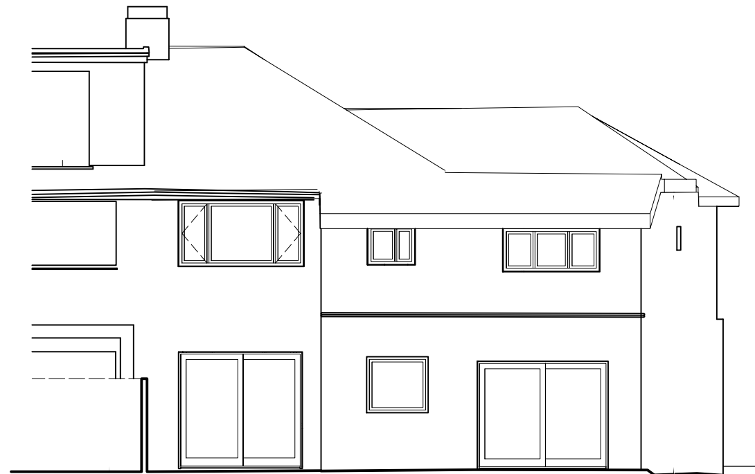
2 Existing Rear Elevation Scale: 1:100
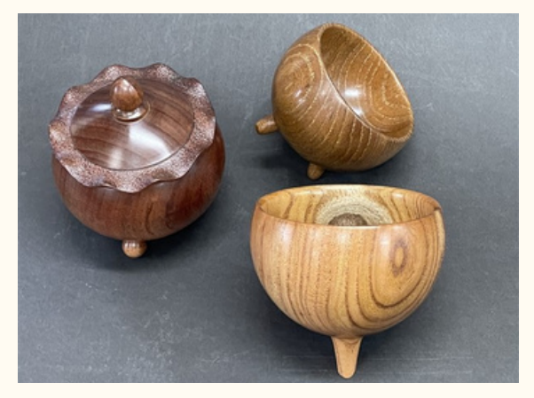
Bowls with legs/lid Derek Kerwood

==

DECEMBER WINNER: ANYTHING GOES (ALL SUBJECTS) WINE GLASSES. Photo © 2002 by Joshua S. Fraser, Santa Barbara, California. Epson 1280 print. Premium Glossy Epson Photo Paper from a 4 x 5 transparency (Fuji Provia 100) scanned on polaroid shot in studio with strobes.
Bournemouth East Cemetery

◆ **To do**: Within the listing above, the lines starting at the one containing "2 Existing Rear Elevation Scale: 1:100" and ending at the one containing "Bowls with legs/lid Derek Kerwood" are to be returned exactly. Omit the pictures.

◆ **Written solution**:
2 Existing Rear Elevation Scale: 1:100
Bowls with legs/lid Derek Kerwood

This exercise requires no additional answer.